(Items from a dataset)

────────────────────────────────────────

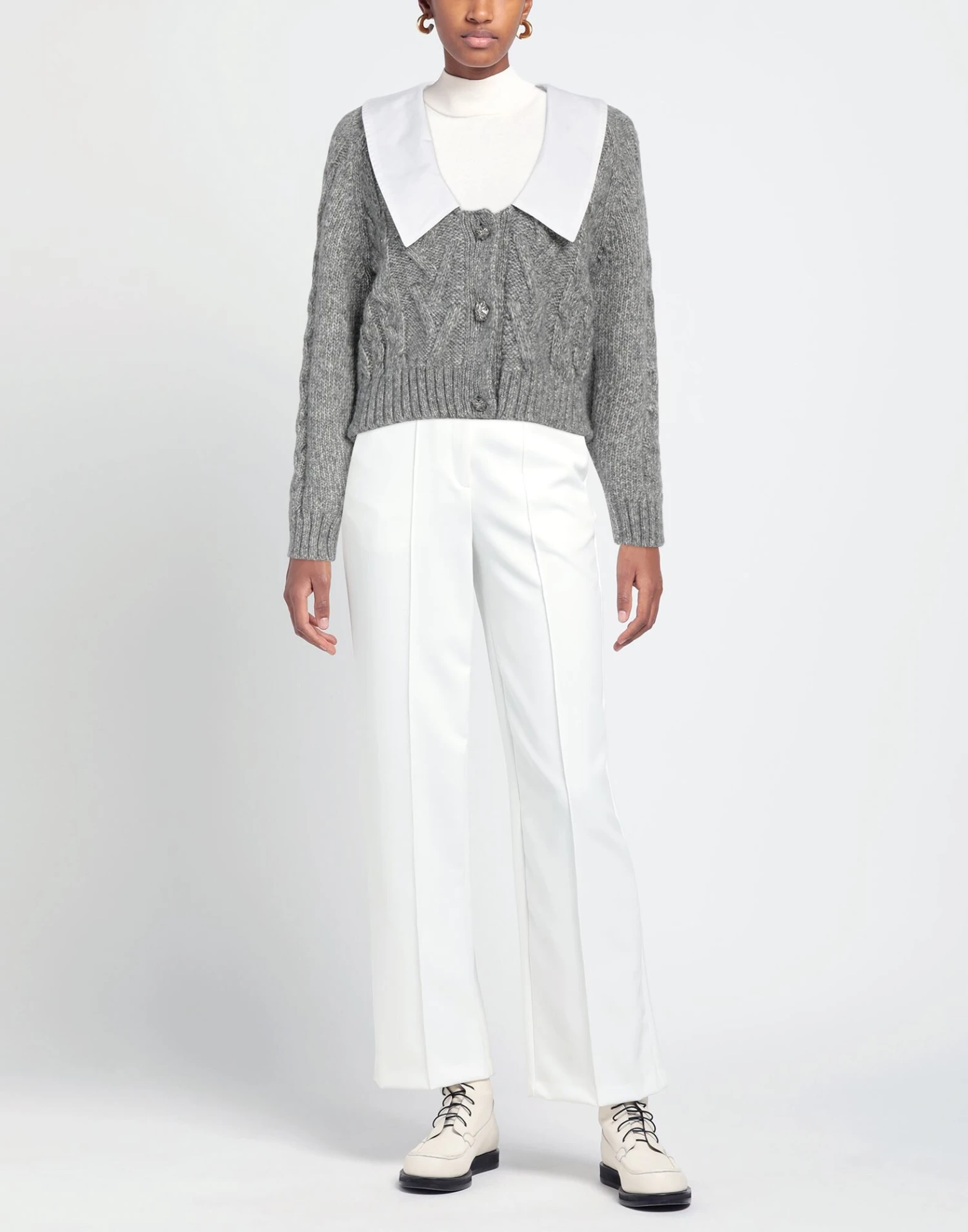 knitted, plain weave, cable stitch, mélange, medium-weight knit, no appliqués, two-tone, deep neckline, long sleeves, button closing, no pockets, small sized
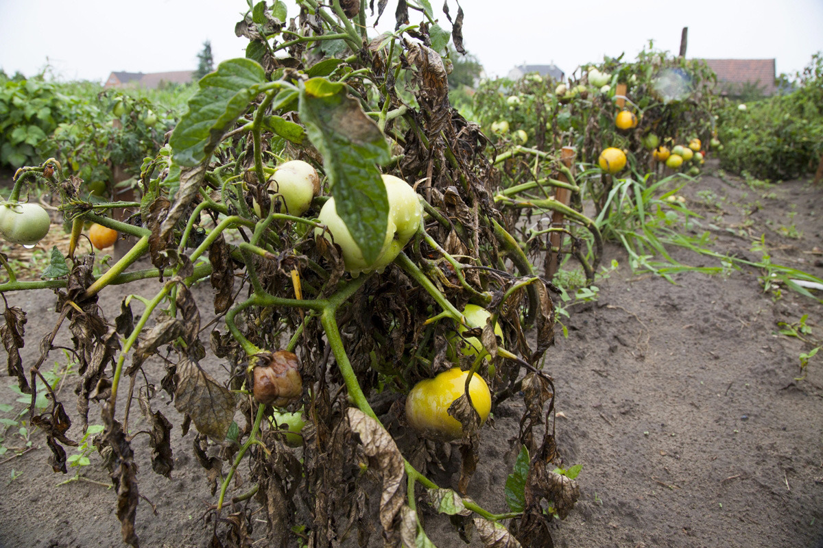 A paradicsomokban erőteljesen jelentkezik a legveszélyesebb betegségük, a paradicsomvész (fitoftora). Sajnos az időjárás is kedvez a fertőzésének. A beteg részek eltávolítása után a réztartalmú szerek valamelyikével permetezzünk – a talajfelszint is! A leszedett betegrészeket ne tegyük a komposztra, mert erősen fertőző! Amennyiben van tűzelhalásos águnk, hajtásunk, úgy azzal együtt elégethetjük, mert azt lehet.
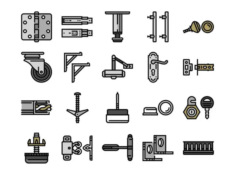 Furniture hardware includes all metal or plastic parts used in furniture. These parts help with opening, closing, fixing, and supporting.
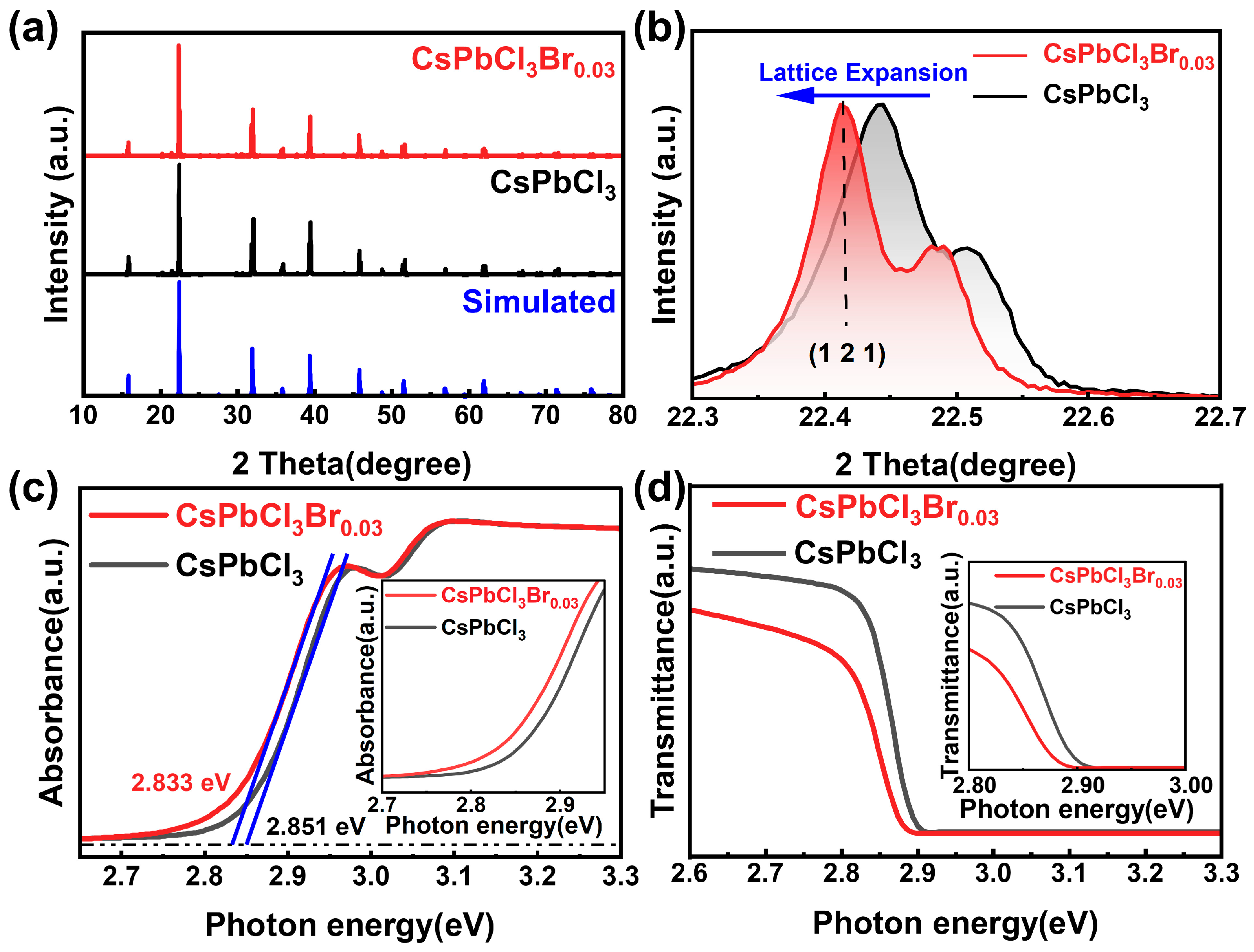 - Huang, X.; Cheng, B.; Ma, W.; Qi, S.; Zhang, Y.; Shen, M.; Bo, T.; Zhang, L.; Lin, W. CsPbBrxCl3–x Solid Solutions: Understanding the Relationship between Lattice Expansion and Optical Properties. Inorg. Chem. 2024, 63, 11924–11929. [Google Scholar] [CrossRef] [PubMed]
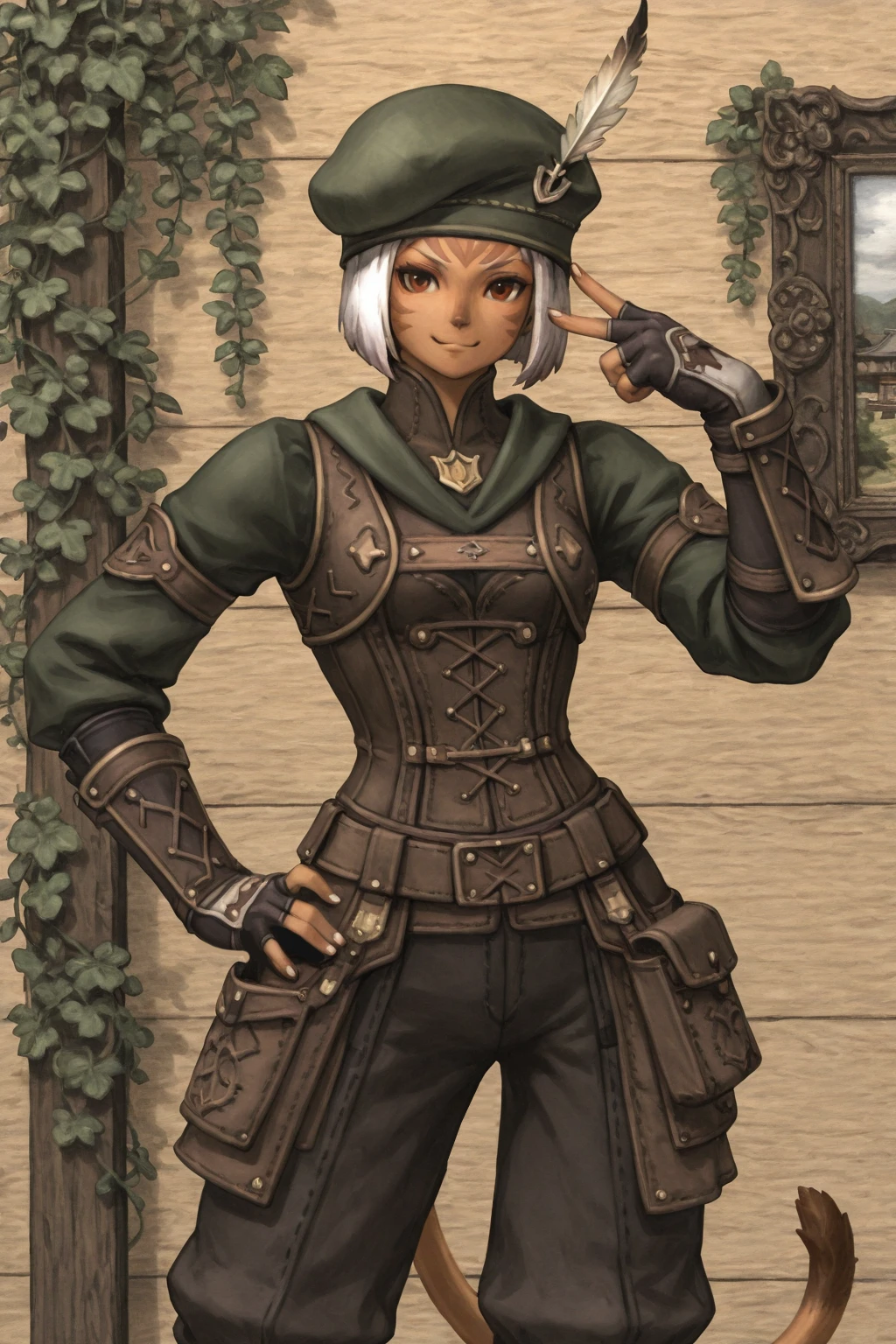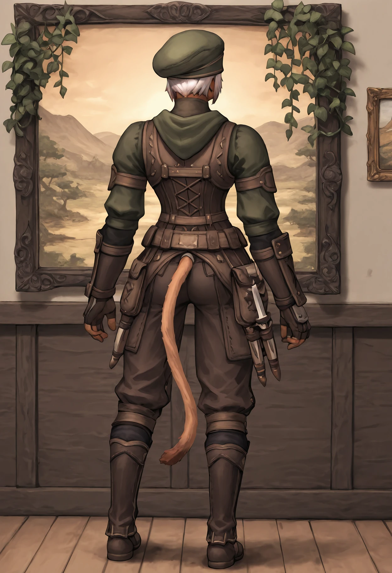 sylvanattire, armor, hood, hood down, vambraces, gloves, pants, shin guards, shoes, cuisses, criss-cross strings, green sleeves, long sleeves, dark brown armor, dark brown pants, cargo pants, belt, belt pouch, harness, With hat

────────────────────────────────────────

- _What the task asks_:
Transcribe exactly, and only, the lines from the one containing "- Huang, X.;" through the last line of the records above, both included; leave out the pictures.

- _Task result_:
 - Huang, X.; Cheng, B.; Ma, W.; Qi, S.; Zhang, Y.; Shen, M.; Bo, T.; Zhang, L.; Lin, W. CsPbBrxCl3–x Solid Solutions: Understanding the Relationship between Lattice Expansion and Optical Properties. Inorg. Chem. 2024, 63, 11924–11929. [Google Scholar] [CrossRef] [PubMed]
 sylvanattire, armor, hood, hood down, vambraces, gloves, pants, shin guards, shoes, cuisses, criss-cross strings, green sleeves, long sleeves, dark brown armor, dark brown pants, cargo pants, belt, belt pouch, harness, With hat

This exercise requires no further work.